Lieber Adrian,
Heute konnte ich zum ersten Mal unser Lied wieder anhören. Ich habe es nicht geskippt, und ich bin nicht zusammengebrochen. Du wärst stolz auf mich gewesen. Wenn ich es dir vorspielen würde, würdest du wahrscheinlich nicht einmal mit der Wimper zucken. Denn eigentlich war es gar nicht unser Lied. Es ist nur das Lied, das ich im Nachhinein so stark mit dir verbunden habe. Ich konnte jedes noch so dramatische Trennungs- oder Liebeslied anhören, ohne einen Funken Traurigkeit zu verspüren, aber dieser dumme Song… hat es mir jedes Mal aufs Neue angetan.
Erinnerst du dich noch daran? Es war an dem Abend als wir zu Maries Geburtstagsparty wollten. Wir hatten Jessica und Tami vorher zu uns eingeladen und fest versprochen, etwas Anständiges zum Abendessen zu servieren. Sie wollten um halb acht bei mir sein, aber natürlich hatten wir beide es geschafft, bis kurz vor sieben auf der Couch zu versacken. Ich rannte in den Supermarkt, während du nach Rezepten suchtest. Ich hatte Mühen, Belugalinsen zu finden und rief dich von der Kasse noch an. Als es ans Zubereiten kam, waren deine Kochkünste gefragt. Während ich mich anzog und fertig machte, wuselte ich immer wieder an dir vorbei durch die Küche und spielte DJ.
„Bitte mach irgendwas an, was uns wacher macht“, sagtest du leicht verzweifelt, während du die Zwiebeln schnittest. Neben dem Herd stand deine dampfende Tasse Kaffee. Ich sah das als Einladung, eine trashige 2000er Playlist anzumachen. Wir schafften es ohne große Beschwerden durch „I gotta feeling“ und „Too close“, als unser Lied spielte. Ich sehe keinen Grund warum, aber wir beide schienen den Song mehr zu mögen als alles, was davor kam, und sangen inbrünstig mit. Du sahst mich an, und irgendwie vereinte uns diese Leidenschaft, mit der wir diesen Song aus längst vergessenen Zeiten mitsangen. Deine Augen leuchteten, und ich hätte dich in diesem Moment erdrücken können. Ich gab mich aber damit zufrieden, weiter zu singen und dramatisch zu posieren. Wir strahlten beide, als der Song zu Ende ging. Irgendetwas Magisches schien passiert zu sein.

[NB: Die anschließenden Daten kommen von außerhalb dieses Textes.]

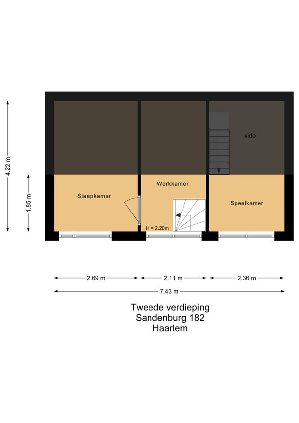 The bedrooms at the front of the apartment are surprisingly spacious and versatile. The master bedroom is tastefully furnished with a comfortable double bed and a calming color scheme. The adjacent room currently serves as a professional home office, with a wide desk under the characteristic wooden staircase. The third room on this floor has been cleverly converted into a walk-in closet, maximizing the available space. The bathroom features modern tiling and is equipped with a sleek vanity and a spacious walk-in shower. The apartment also has a separate toilet and a practical storage cupboard with the washing machine connection.

Aber vielleicht habe auch nur ich das so gesehen. Wie gesagt, ich bezweifle, dass du dich heute noch daran erinnern würdest. Aber ich habe mir den Song damals direkt heruntergeladen, und mein Herz ging immer ein klein wenig auf, wenn er kam. Bis ich ihn nicht mehr hören konnte. Bis ich jedes Mal anfing zu weinen, noch vor dem Refrain. Ich habe es versucht, wollte in den guten alten Zeiten schwelgen, aber ich konnte nicht. Bis heute. Ich hörte die ersten Noten und entschied es zu versuchen und tatsächlich. Keine Tränen, keine Wut. Nur etwas leer habe ich mich gefühlt.
Das Ganze ist wahrscheinlich nicht so weltbewegend. Aber ich wollte es irgendwo festhalten.